The MBTI inventory was developed by mother and daughter, Katharine Briggs and Isabel Myers who took the theories of Swiss psychiatrist Carl Jung around personality and type, then through over 50 years of research and development produced this indicator. Today, it is the most widely used instrument for understanding personality differences.

Naysayers amongst us might argue that it is restrictive and like putting characters in boxes. But as I have discovered, the amount of research underpinning the tool is so massive, I can’t even begin to do it justice here. If you believe in creating rounded characters that interact with each other and behave in a believable way, then you wouldn’t go too far wrong by taking a look at some of the theory behind the tool.

When I got home from the course, I googled MBTI for character development and came up with some interesting web sites:

Character creation made easy – pick a personality. (From:

A bit of fun for Simpsons fans: – the Simpsons MBTI

If you want to undertake the test yourself, I’d highly recommend getting feedback from a qualified professional. This would give you a rich insight into your own natural strengths and potential areas for growth. Enhancing an understanding of yourself and your own motivations will undeniably help you to understand what motivates others. And… as a writer, I am fully aware that an understanding of the rich complexity of human relationships is at the heart of character development.


Posted on July 18, 2011, in Careers, Writing and tagged , , . Bookmark the permalink. 4 Comments.

  1. Dorothy Shamah

    Thank you for this link..character creation made easy. I’m an INFJ myself and a member of an INFJ listserve.
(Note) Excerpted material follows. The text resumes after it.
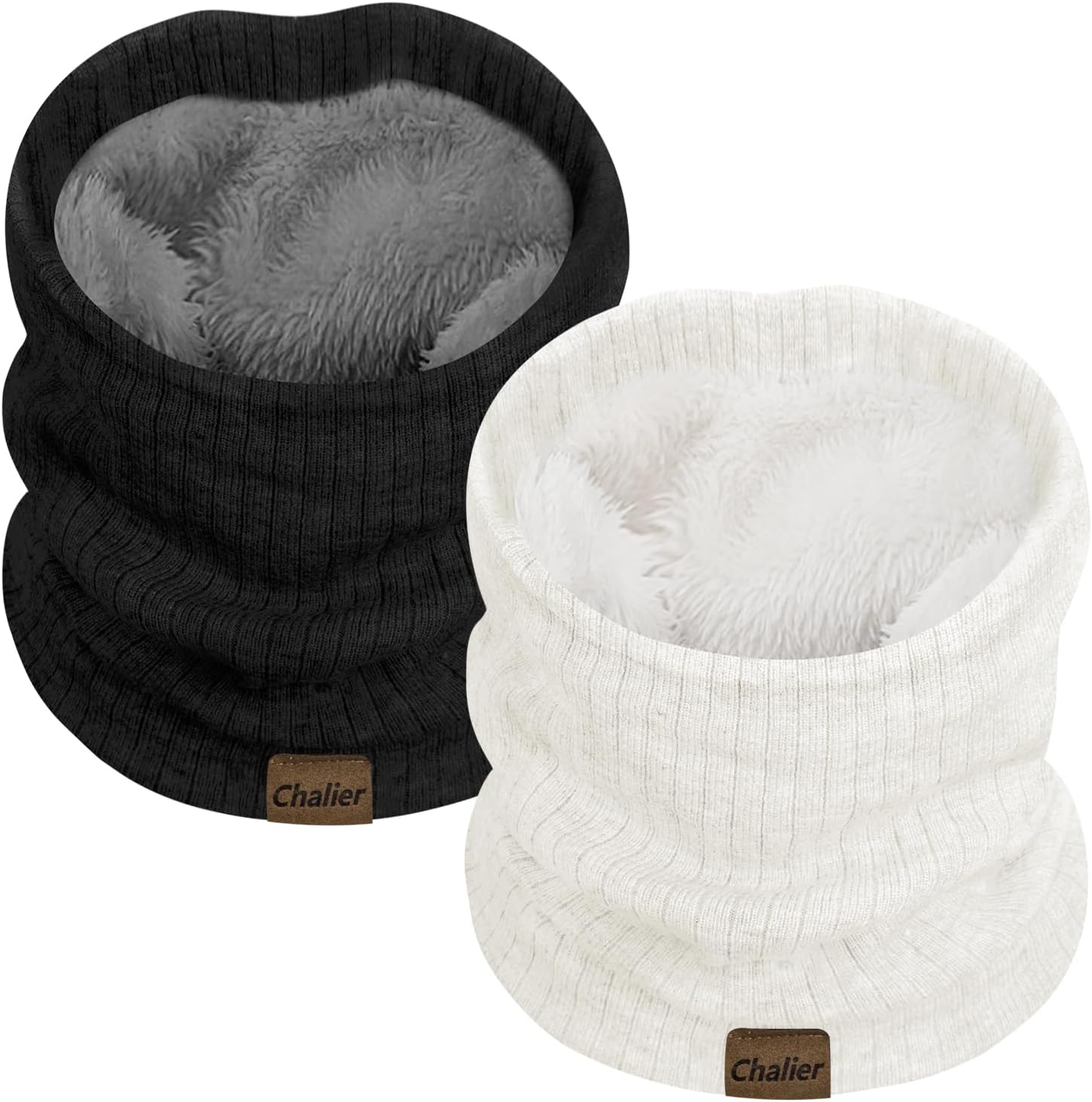Chalier Infinity Scarf Winter Double-Layer Neck Warmer Knit Fleece Lined Circle Loop Scarves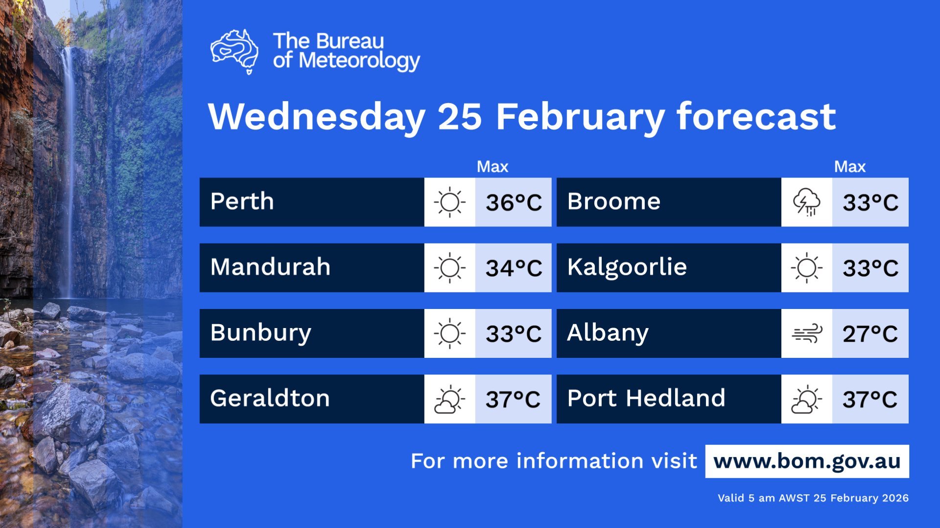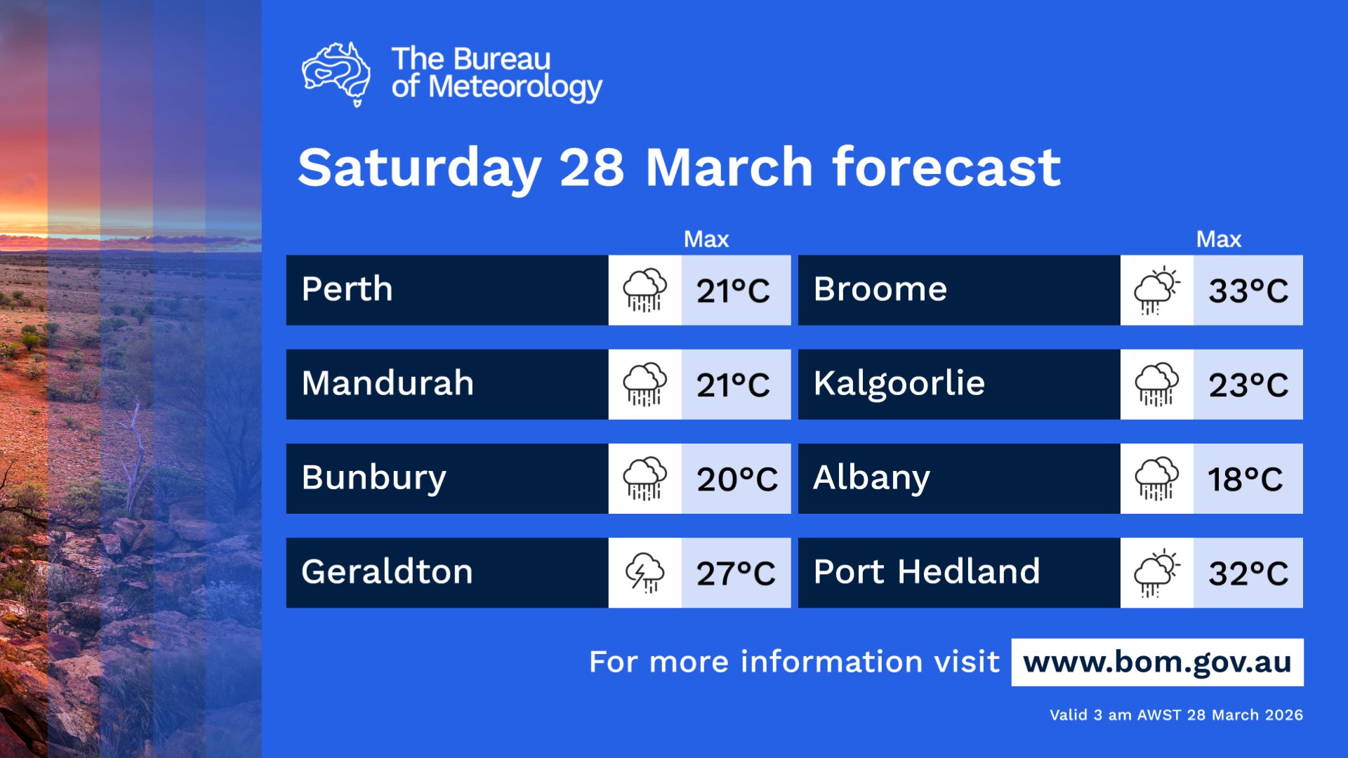 Very windy, rain, gusty thunderstorms and heavy falls possible over #Gascoyne, #SWLD. Showers, gusty thunderstorms west #Kimberley, #Pilbara, #Goldfields, west #Interior, west #Eucla. Windy over central and southern areas.

It is more than lovely to be in touch with like minded ‘preference’ endowed individuals. I’ll check out the link. Surely, making one character INFJ and another an ESTP would automatically create some tension in any plot.
    annielaural who lives at

    stop by sometime


  2. Annie – thank you so much for your comments. I am also an INFJ and delighted to meet another writer with like minded preferences! Fantastic. I’ll check out your blog.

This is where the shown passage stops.